Во времена Саксонцев - Юзеф Игнаций Крашевский
Шрифт:
Интервал:
Закладка:
– Наияснейший пане, – сказал он, – мы не слепые, мы видим, что Август поступил в отношении вас не как велели ему справедливость и благородство; мы знаем, что он провинился против Речи Посполитой, не можем ему простить обиды и насилия, совершённого над сыновьями короля Яна, но, несмотря на это всё, мы видим в нём качества, достойные трона… а достойным было бы вашему королевскому величеству и вашему рыцарскому характеру, если бы после стольких и решительных побед, после такого унижения неприятеля великодушно ему простили.
Швед долго смотрел ему в глаза, точно хотел через них заглянуть в душу.
– Это прекрасно, что защищаете человека, который не заслужил снисхождения, что стоите за святость клятв, – сказал он, – а я не имею причин прощать человеку, который является моим врагом и использует все достойные и недостойные средства, чтобы меня погубить. Для него нет ничего святого, сменил веру ради короны, живёт как разнузданное животное, всех готов пожертвовать для себя… Вы знаете с чем он присылал ко мне эту графиню и своего министра? Вот, предложил мне союз на растерзание вашей Речи Посполитой. Но я её спасать, не губить прибыл. Думаете, что он заключил союз с царём Петром против меня? Он равно нацелен против вас. Вы заплатите за него Украиной, а может, ещё чем-то большим. Не время уже восхищаться благородством, прощать вину и предательства, речь идёт об угрозе вашей собственной жизни. Что до меня, – докончил швед, стоя напротив воеводы, опираясь на свой огромный меч, как имел привычку, – что до меня, то я не уступлю, пока не раздавлю это ничтожество. Польша должна иметь короля, который был бы достоин управлять рыцарским народом и таким неосторожным, как вы. В руках Августа ваша неизбежная погибель.

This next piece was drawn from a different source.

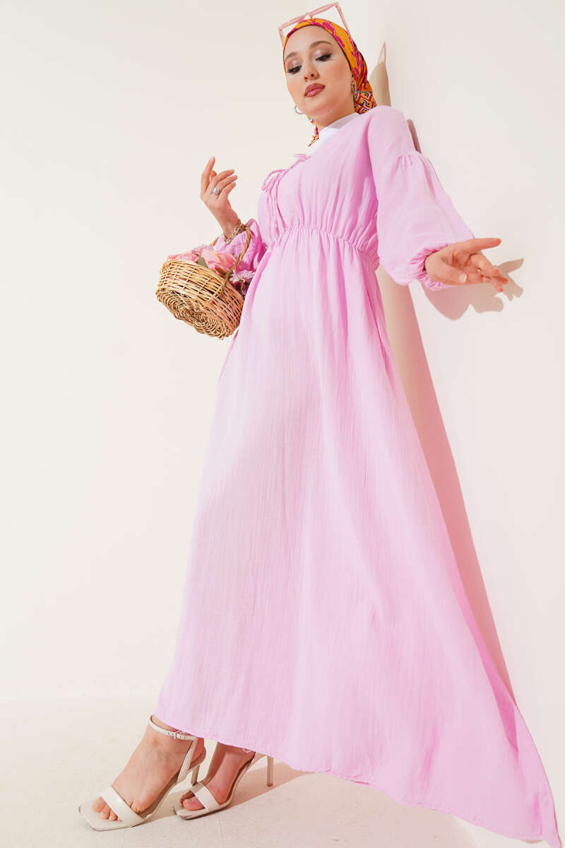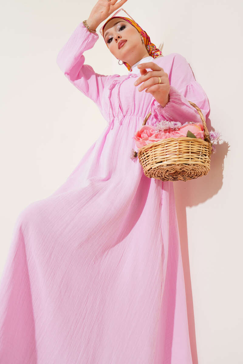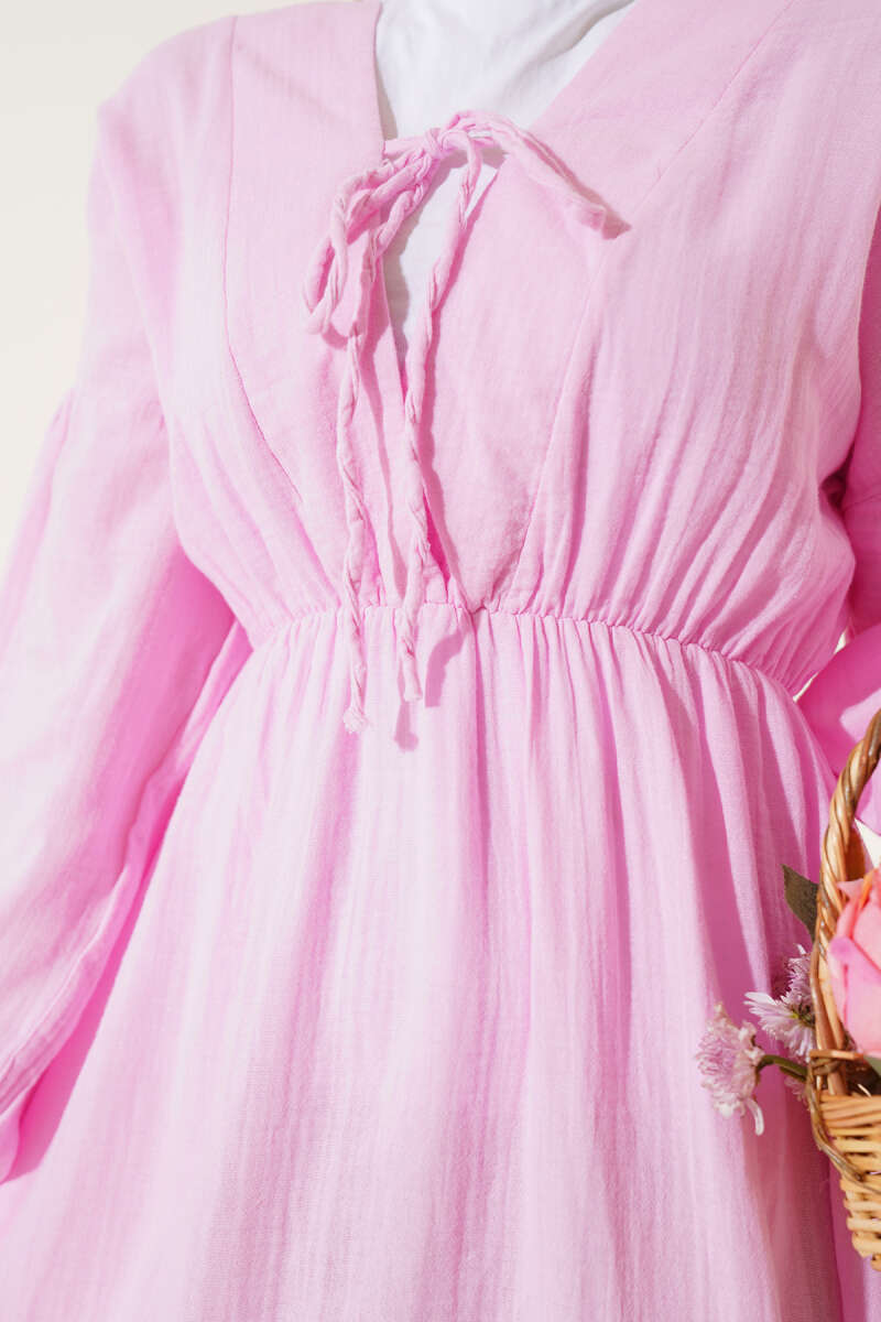 Şerit Ajur Desen Triko Elbise Gül Kurusu

Лещинский молчал. Наконец Карл сообразил, что если бы он и разделял его убеждения, не захочет выступить как обвинитель против Августа. Защищать же его в действительности было так трудно, что воевода смягчал только и усмирял гнев Карла. Разговор с этого главного содержания перешёл на более насущные дела. Карл показал себя отлично знакомым не только с общим положением страны, но и с людьми, которые оказывали наибольшее на неё влияние. Его суждения были терпкие и суровые.
– Отравили последние дни героя, поклонником которого я являюсь, семье его отказали в троне.

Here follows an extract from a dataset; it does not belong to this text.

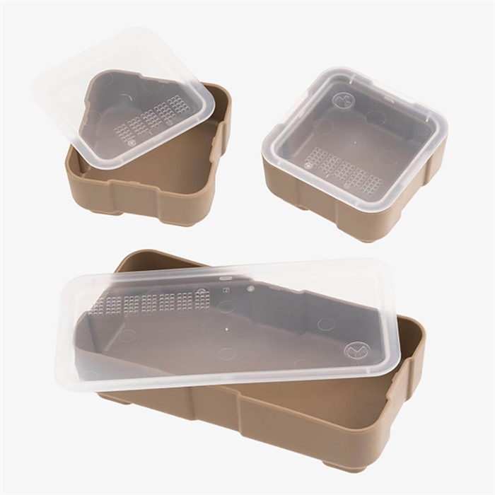 840815147756 DAKA Bins er designet for å passe inn i DAKA GRID Organizer Panels for å holde løse deler, utstyr, ammunisjon og andre gjenstander sikkert inne i Magpul DAKA Hard Cases eller enhver boks utstyrt med DAKA GRID Organizer. DAKA Bins kommer i to størrelser for å gi fleksibilitet i lagring, med en 2x4 Bin og to 2x2 Bins, der hver peg på undersiden av Bin låser seg sikkert inn i GRID Panels. DAKA Bins er laget med transparente lokk for enkel identifikasjon av innholdet, og de forsterkede lokkklipsene låser seg sikkert med Bin sideklipsene for å holde Bins lukket. For ytterligere organisering gir malepenn prikkmatrise paneler på lokkene brukerne ekstra identifikasjonsmuligheter for GRID-organisering. Bortsett fra de holdbare lokkene, er DAKA Bins laget av solid polypropylen og designet for robust bruk med 0,1” tykke vegger for å beskytte det som plasseres inni. DAKA Bins kommer i svart, FDE og rød, så DAKA Bins’ farger kan også brukes som koding for de som måtte trenge rask visuell bekreftelse av innholdet. Vi har også laget våre DAKA Bins slik at de er like hjemme utenfor DAKA GRID Organizer på arbeidsbenken din eller hvor som helst du bruker dem. Hver pakke kommer med én (1) 2X4 Bin og to (2) 2X2 Bins. Forsterkede lokkklips låser på Bin kroppen for å sikre deler, verktøy og andre små gjenstander. Nestes inn i DAKA GRID Base Panels. Transparent lokk for enkel identifikasjon og organisering. Stablebare og funksjonelle utenfor DAKA GRID Organizer. Laget av slitesterkt, kjemikalieresistent polypropylenmateriale. KOMPATIBILITET: DAKA GRID Organizer Base. Tre (3) DAKA Bins/qty, sendes med to (2) 2X2 DAKA Bin og én (1) 2X4 DAKA Bin.Leveringstid ca. 14-21 dager.

– Наияснейший пане, – прервал воевода, – вина, может, в этом не наша, но ничего нет болезненней, чем роль обвинителя, я им быть не хочу… Бог допускает много плохого для нашей науки.
– Да, – усмехнулся презрительно швед, – допустил вам выбрать Саксонца, чтобы показать, что подобное существо может существовать. Подумайте, пан воевода, примите мои условия, самое первое из которых, что Августа низложите с трона… а меня выпустите отсюда, чтобы я пошёл в Саксонии выбрать, что мне причитается от того, который меня сюда привёл. Жалуетесь на мои войска? Я вынужден вас объедать, но обо всех этих жертвах вы не должны жалеть, если с вас это пятно и грязь смою.
Прерываемый несколько раз военными рапортами разговор, хотя Лещинский желал уступить, чтобы не быть королю помехой в его ежедневных занятиях, продолжался сверх меры. Карл постоянно отзывал уходящего, расспрашивал и, казалось, имел к нему какое-то влечение, хотя между шведским, дико выглядящим солдатом, с мечом в руке, который напоминал меч палача, и красивым, аристократической внешности молодым воеводой ни малейшей близости нельзя было разглядеть.
С видимым удовольствием слушал Карл открыто и без лести к нему его убеждения, вызывая полемику, которая больше его приобретала, чем отталкивала.
Наконец появление Пипера со срочными депешами дало воеводе знак уйти, а Карл XII, хватая за руку своего министра, воскликнул с всплеском какой-то странной радости:
– Этот будет мне верным другом до смерти!
Пипер был вынужден усмехнуться и осмелился шепнуть:
– Ваше величество, после нескольких минут знакомства трудно предсказывать будущее.
– Я это чувствую! Предчувствие меня не обманывает.
Король подтвердил и вернулся к неотложным повседневным делам. Воеводе велели остаться. Переговоры ещё вовсе не начались. Швед, показывая в себе сильную приязнь к Речи Посполитой, требовал от неё слишком много, а прежде всего повторял одно:
– Детронизация!
Была она в Польше беспримерной – воевода оппонировал.
– Такой правитель, как Август, – воскликнул Карл, – который торговал бы страной, что его усыновила, беспримерен у вас и в истории… Прежде чем надел корону, уже ею делился с царём и Бранденбургским.
Это были не пустые слова, Карл собирал письма и ноты, которые взяли с Витцумом.
Ожесточение на Августа воспламеняло его постоянное использование Паткуля, которого швед ненавидел, как самого заклятого из своих врагов.
Вечером вызванный срочно Карлом князь Александр Собеский прискакал в Гелсберг. О том ожидаемом прибытии швед не упомянул воеводе. Не дожидаясь до завтра, Лещинский побежал к молодому князю. Он нашёл его очень обеспокоенным этим неожиданным приказом, которому был вынужден подчиниться.
Этот самый младший из братьев меньше других имел призвания к короне и борьбе, какую за неё было нужно вести. Стояли ещё у него в памяти споры Якоба с матерью, поддерживающей Константина, огорчения, какие они вызывали. Испуганный Александр отталкивал саму мысль добиваться после отца тернового венца.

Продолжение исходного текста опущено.